Perhaps you could start with an Ikigai graphic, say how you found it powerful and that you’d like to talk to them today about how you and the business can help them spend more time in the centre of that diagramme?

I find that a powerful way to set a frame, though you will have many others of your own.

For sure, though, set a frame that allows an open and expansive conversation. Only then can you look at asking the sorts of questions that can unearth hidden assets.

What would you love to do, or to do more of at work?

This is a great question to ask people once the environment is right for them to open up about that with you. It links to the “Well/Different/Missing” concept.

A couple more:

  • What don’t you get to do at work that you’d love to do?
  • What do you feel you’d like to do less of? If you did less of that, what would that leave space for you to do more of?

Now, those three questions are all around work and “Well/Different/Missing”.

To go deeper in mining for hidden assets, and if you have created a space of openness and trust, ask people about their personal lives in the same vein, such as:

  • What do you love spending time on most outside work?
  • Do you have any passion projects where you invest time and energy to make a difference?
  • What skill have you learned or deepened outside of work in the last year?

There could be many more, the idea is to be curious and open in your questions and see where it flows.

One tip is to be careful about being too expansive about this. For example, if you ask “if time and money were no objects, what would you spend your life doing”, as this may disconnect the person from what may seem like a stretch (but is achievable) to something more “pie in the sky” and dreamlike.

The idea here is that you are genuinely curious about what drives and motivates people and, potentially, how their Ikigai (what they love and are good at in particular) could lead to them having hidden assets that they could use within your business as well as outside.

Personal Examples

Two from me that will both help you understand my own Ikigai, my “reason for being”, as well as to perhaps take those examples to illustrate how you may help team members do more of what they love at work and so unearth their hidden assets to their and your benefit.

First, I am a FINA Swim Referee. FINA is the world governing body of swimming. I have loved officiating at swim meets for many years, to the level that I committed over a decade ago to the process of learning and progressing to that level of international refereeing. I love that learning and I love most of all that I can then share those learnings to others while also having the opportunity to lead in a space different from my work environment. One of my most widely read posts ever is: “Leadership Lessons from a Swim Referee” which shares in depth about this. What I love most about that post is that it was picked up by multiple countries and shared with their national officials.

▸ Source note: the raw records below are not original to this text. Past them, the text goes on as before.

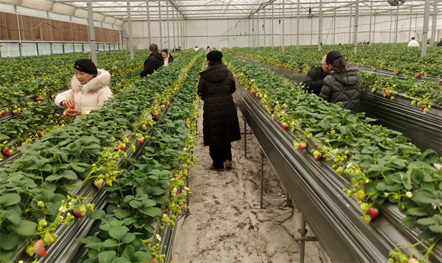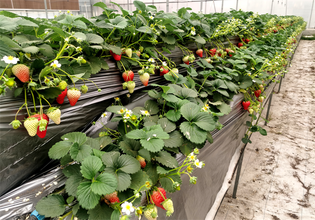 目前,草莓進(jìn)入盛果期,畝產(chǎn)量可達(dá)5000斤,采摘期將持續(xù)至五月份。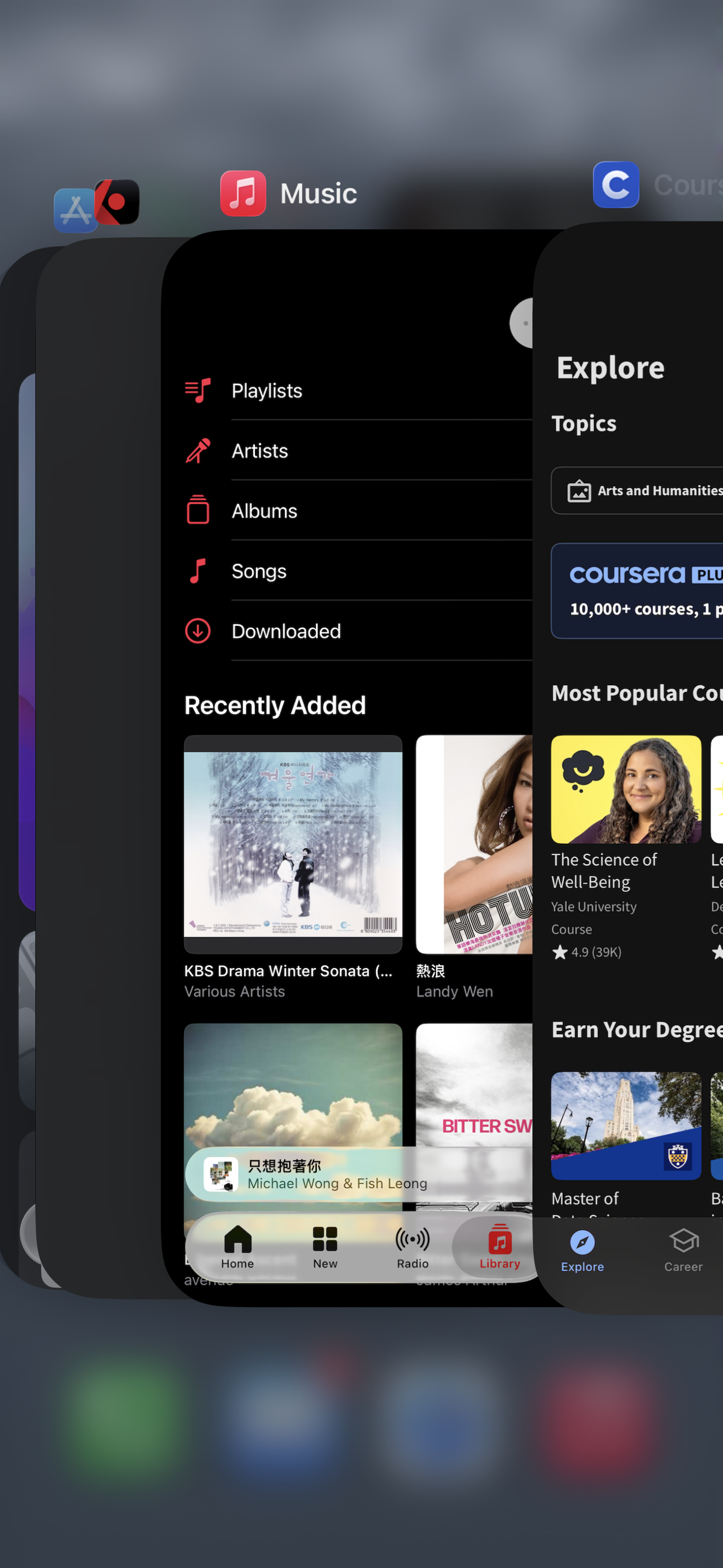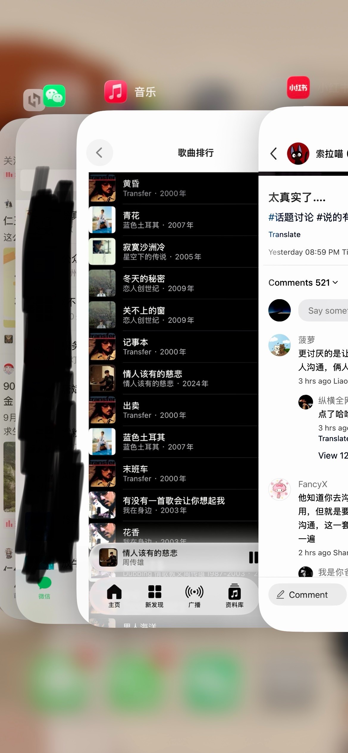 从其他软件回退进后台,会发现apple music背景颜色显示错误,似乎已经存在好久了。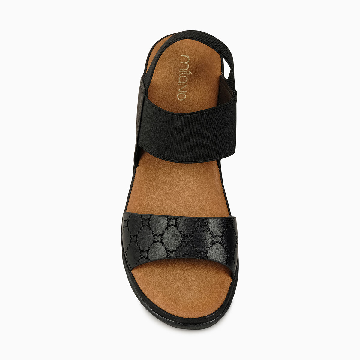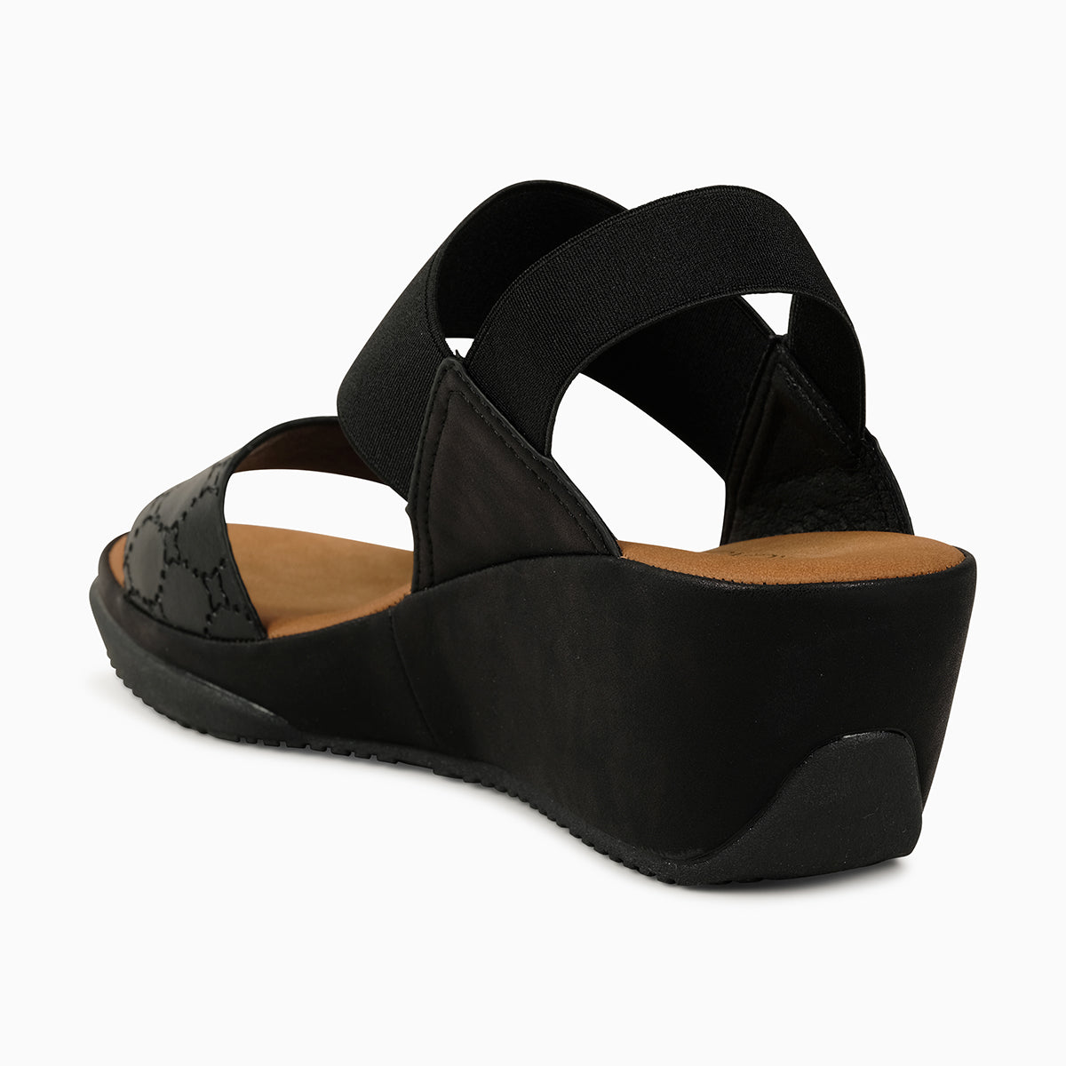 A versatile everyday sandal featuring wide elastic straps for a secure fit and a cushioned footbed for lasting comfort. The lightweight wedge sole adds subtle height while keeping you supported from day to night.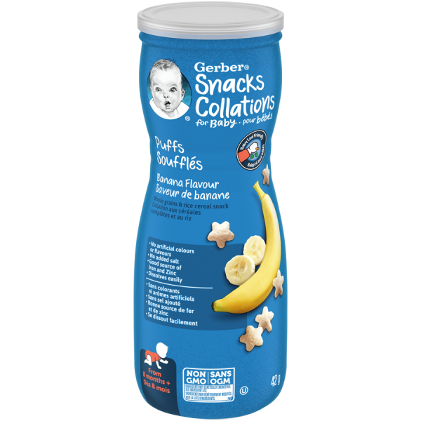 New look, same great taste! GERBER PUFFS, Banana, Baby Snacks (42 g) are made with your little one in mind. GERBER PUFFS are made with whole grains, rice, and real apple. They dissolve easily, and are a great source of iron and zinc, which help support baby’s normal growth and development. Even more, GERBER PUFFS are perfectly shaped and sized for picking up! Our star-shaped Puffs are a great first finger food snack for baby, and also help develop your baby’s fine oral and motor skills.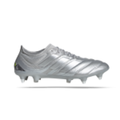 Hier siehst Du das Performance-Modell, den COPA 20.1 SG. Der adidas Rasenfußballschuh kommt mit Spezialsohle und Metall-Schraubstollen für matschigen aufgeweichten Naturrasen. Er ist die Nr. 2 direkt hinter dem COPA 20+. Er gehört zum optisch spannenden ' Encryption Code' Pack und macht ordentlich was her in fettem Silbermetallic.

Second, I am someone who loves to learn new skills and see where they take me. Approaching two years ago I decided to listen to and act upon the voices (friends, colleagues as well as in my head!) that told me I should write more. I then committed to sharing learnings (of my own and curated from others) by writing daily on this site. I have already learned in many ways from this practice and am excited to see what will emerge over time (with the next step being to add a section to this site curating some core models I’ve both learned and developed myself, all under the theme “Open Leadership”.

Now, using my own stories, can you get a sense of my Ikigai, my “reason for being”?

If I was on your team in a particular role, having learned these things about me, what might you talk to me about doing more of, of doing things differently and doing things?

Good luck in unearthing the hidden assets in your people.

Oh, and perhaps start with yourself?

For that, a recommendation getting a coach to do that with and for you. We cannot truly see ourselves, far easier and quicker to have a specialist in listening and reflecting to do that for and with us.